◆ Dataset content:
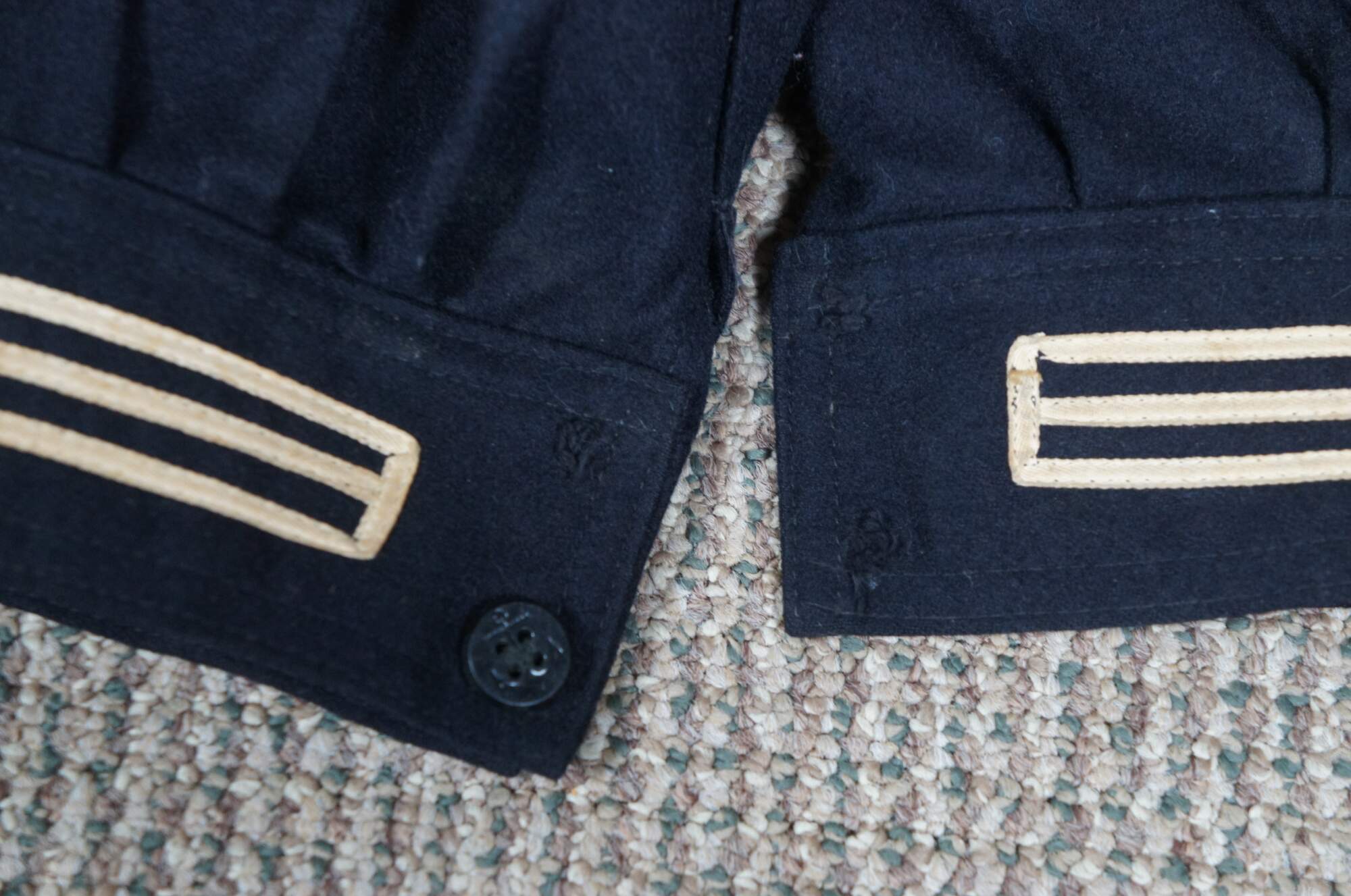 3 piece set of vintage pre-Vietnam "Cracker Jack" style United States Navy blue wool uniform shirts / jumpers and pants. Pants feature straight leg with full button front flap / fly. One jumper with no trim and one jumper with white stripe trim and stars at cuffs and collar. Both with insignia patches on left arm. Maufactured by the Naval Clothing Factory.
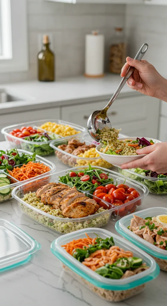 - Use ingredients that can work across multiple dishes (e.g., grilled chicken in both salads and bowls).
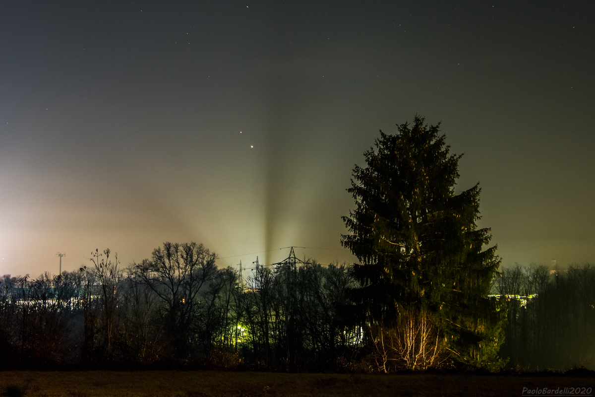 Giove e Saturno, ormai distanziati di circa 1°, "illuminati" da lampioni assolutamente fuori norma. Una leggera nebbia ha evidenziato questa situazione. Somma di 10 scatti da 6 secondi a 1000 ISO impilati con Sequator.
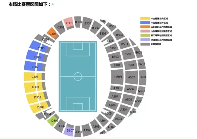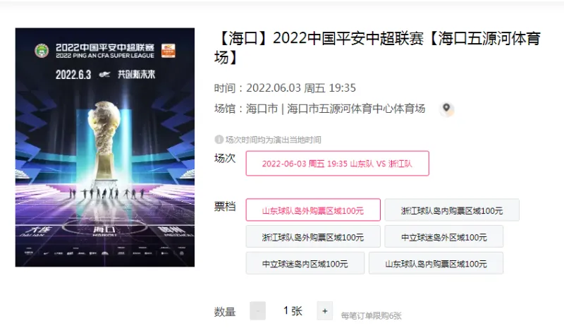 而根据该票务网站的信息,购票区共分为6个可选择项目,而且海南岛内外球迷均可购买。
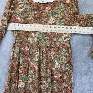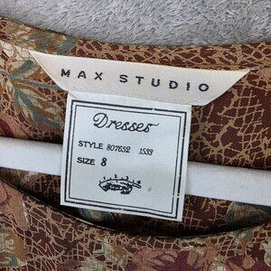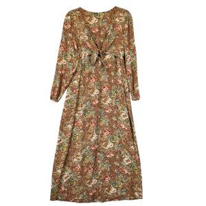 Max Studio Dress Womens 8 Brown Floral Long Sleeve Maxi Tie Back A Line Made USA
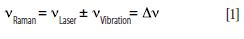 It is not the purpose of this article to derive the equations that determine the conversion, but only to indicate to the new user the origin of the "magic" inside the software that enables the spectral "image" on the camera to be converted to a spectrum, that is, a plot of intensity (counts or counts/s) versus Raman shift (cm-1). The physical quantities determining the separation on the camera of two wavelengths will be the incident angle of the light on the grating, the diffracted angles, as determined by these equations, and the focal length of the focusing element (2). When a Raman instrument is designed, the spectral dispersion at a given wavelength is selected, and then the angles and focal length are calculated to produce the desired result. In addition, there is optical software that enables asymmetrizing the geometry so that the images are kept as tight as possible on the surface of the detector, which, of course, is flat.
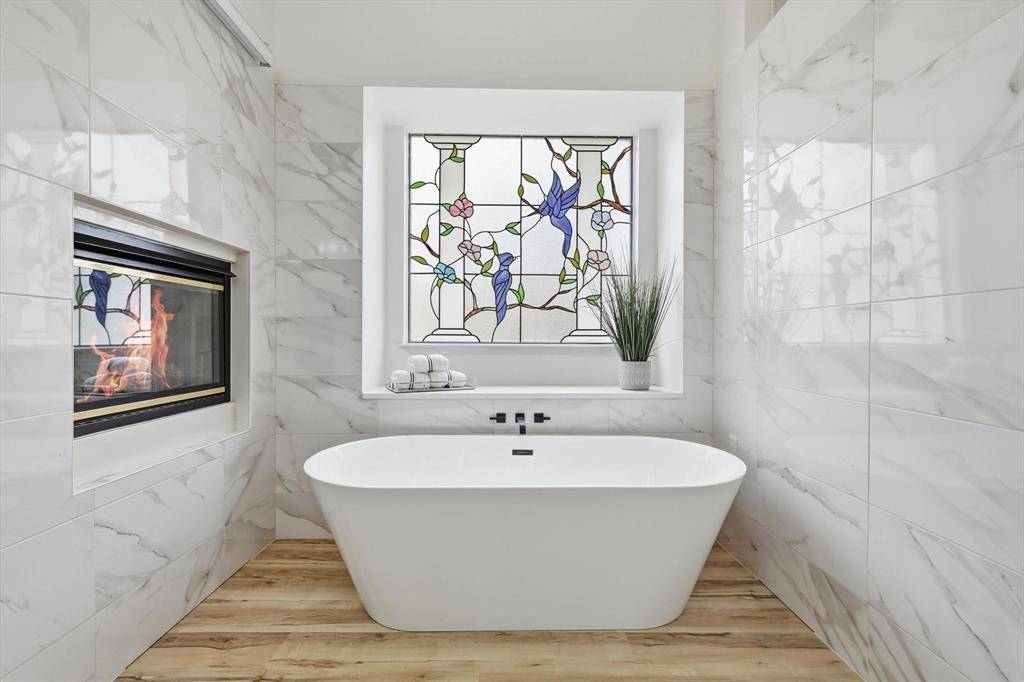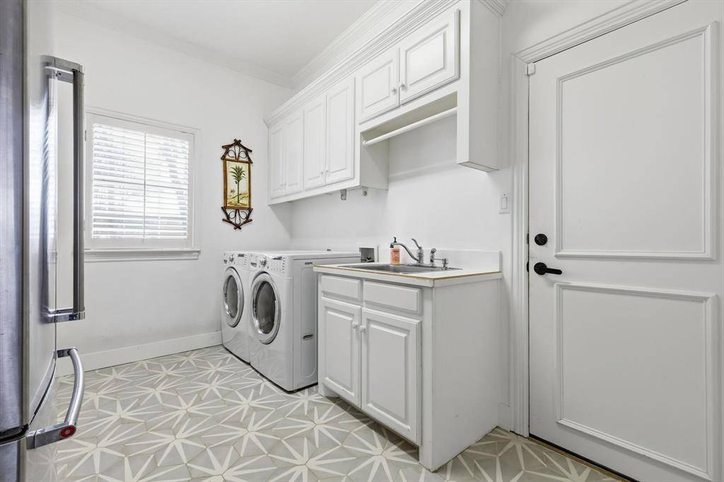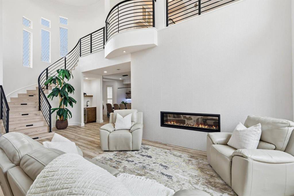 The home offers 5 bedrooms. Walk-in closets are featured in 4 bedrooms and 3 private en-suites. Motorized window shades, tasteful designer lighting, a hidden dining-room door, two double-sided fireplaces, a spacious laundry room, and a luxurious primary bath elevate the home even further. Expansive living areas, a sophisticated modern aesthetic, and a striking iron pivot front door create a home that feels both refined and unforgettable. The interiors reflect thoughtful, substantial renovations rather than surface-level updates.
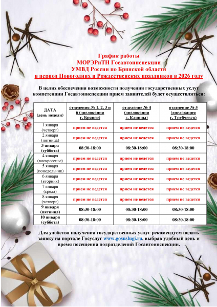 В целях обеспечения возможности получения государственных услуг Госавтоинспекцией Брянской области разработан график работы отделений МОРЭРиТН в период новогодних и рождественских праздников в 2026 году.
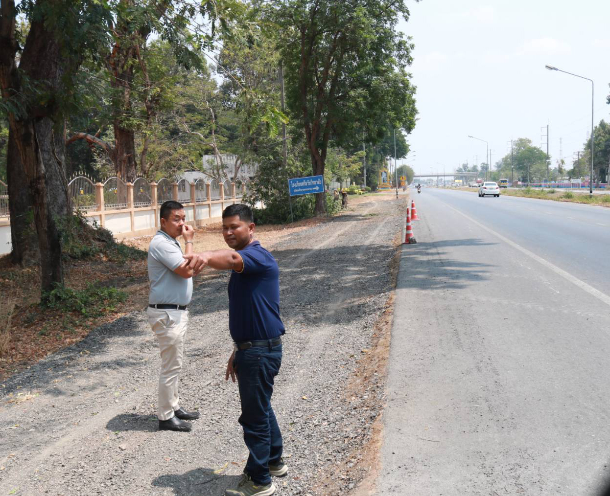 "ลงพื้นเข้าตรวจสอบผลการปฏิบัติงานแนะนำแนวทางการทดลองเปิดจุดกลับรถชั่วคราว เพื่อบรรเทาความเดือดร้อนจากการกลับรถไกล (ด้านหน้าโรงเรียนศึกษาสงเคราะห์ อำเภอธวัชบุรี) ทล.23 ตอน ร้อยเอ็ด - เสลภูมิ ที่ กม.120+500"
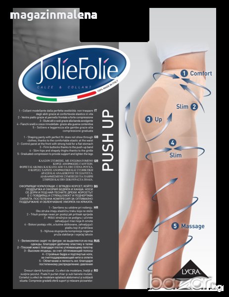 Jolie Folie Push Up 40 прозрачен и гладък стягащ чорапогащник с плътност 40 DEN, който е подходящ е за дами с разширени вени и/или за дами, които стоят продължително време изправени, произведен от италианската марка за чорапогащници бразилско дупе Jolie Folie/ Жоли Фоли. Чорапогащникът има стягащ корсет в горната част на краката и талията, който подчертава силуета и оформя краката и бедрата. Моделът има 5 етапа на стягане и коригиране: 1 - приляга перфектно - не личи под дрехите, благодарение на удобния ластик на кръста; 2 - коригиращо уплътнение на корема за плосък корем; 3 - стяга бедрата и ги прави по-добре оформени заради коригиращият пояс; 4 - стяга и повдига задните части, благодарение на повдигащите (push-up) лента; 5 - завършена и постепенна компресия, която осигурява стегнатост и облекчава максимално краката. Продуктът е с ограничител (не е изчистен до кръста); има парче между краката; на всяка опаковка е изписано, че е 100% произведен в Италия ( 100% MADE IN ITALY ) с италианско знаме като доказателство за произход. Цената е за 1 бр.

◆ Task to carry out: Repeat all of the material above exactly, leaving out pictures.

◆ Exercise output:
 3 piece set of vintage pre-Vietnam "Cracker Jack" style United States Navy blue wool uniform shirts / jumpers and pants. Pants feature straight leg with full button front flap / fly. One jumper with no trim and one jumper with white stripe trim and stars at cuffs and collar. Both with insignia patches on left arm. Maufactured by the Naval Clothing Factory.
 - Use ingredients that can work across multiple dishes (e.g., grilled chicken in both salads and bowls).
 Giove e Saturno, ormai distanziati di circa 1°, "illuminati" da lampioni assolutamente fuori norma. Una leggera nebbia ha evidenziato questa situazione. Somma di 10 scatti da 6 secondi a 1000 ISO impilati con Sequator.
 而根据该票务网站的信息,购票区共分为6个可选择项目,而且海南岛内外球迷均可购买。
 Max Studio Dress Womens 8 Brown Floral Long Sleeve Maxi Tie Back A Line Made USA
 It is not the purpose of this article to derive the equations that determine the conversion, but only to indicate to the new user the origin of the "magic" inside the software that enables the spectral "image" on the camera to be converted to a spectrum, that is, a plot of intensity (counts or counts/s) versus Raman shift (cm-1). The physical quantities determining the separation on the camera of two wavelengths will be the incident angle of the light on the grating, the diffracted angles, as determined by these equations, and the focal length of the focusing element (2). When a Raman instrument is designed, the spectral dispersion at a given wavelength is selected, and then the angles and focal length are calculated to produce the desired result. In addition, there is optical software that enables asymmetrizing the geometry so that the images are kept as tight as possible on the surface of the detector, which, of course, is flat.
 The home offers 5 bedrooms. Walk-in closets are featured in 4 bedrooms and 3 private en-suites. Motorized window shades, tasteful designer lighting, a hidden dining-room door, two double-sided fireplaces, a spacious laundry room, and a luxurious primary bath elevate the home even further. Expansive living areas, a sophisticated modern aesthetic, and a striking iron pivot front door create a home that feels both refined and unforgettable. The interiors reflect thoughtful, substantial renovations rather than surface-level updates.
 В целях обеспечения возможности получения государственных услуг Госавтоинспекцией Брянской области разработан график работы отделений МОРЭРиТН в период новогодних и рождественских праздников в 2026 году.
 "ลงพื้นเข้าตรวจสอบผลการปฏิบัติงานแนะนำแนวทางการทดลองเปิดจุดกลับรถชั่วคราว เพื่อบรรเทาความเดือดร้อนจากการกลับรถไกล (ด้านหน้าโรงเรียนศึกษาสงเคราะห์ อำเภอธวัชบุรี) ทล.23 ตอน ร้อยเอ็ด - เสลภูมิ ที่ กม.120+500"
 Jolie Folie Push Up 40 прозрачен и гладък стягащ чорапогащник с плътност 40 DEN, който е подходящ е за дами с разширени вени и/или за дами, които стоят продължително време изправени, произведен от италианската марка за чорапогащници бразилско дупе Jolie Folie/ Жоли Фоли. Чорапогащникът има стягащ корсет в горната част на краката и талията, който подчертава силуета и оформя краката и бедрата. Моделът има 5 етапа на стягане и коригиране: 1 - приляга перфектно - не личи под дрехите, благодарение на удобния ластик на кръста; 2 - коригиращо уплътнение на корема за плосък корем; 3 - стяга бедрата и ги прави по-добре оформени заради коригиращият пояс; 4 - стяга и повдига задните части, благодарение на повдигащите (push-up) лента; 5 - завършена и постепенна компресия, която осигурява стегнатост и облекчава максимално краката. Продуктът е с ограничител (не е изчистен до кръста); има парче между краката; на всяка опаковка е изписано, че е 100% произведен в Италия ( 100% MADE IN ITALY ) с италианско знаме като доказателство за произход. Цената е за 1 бр.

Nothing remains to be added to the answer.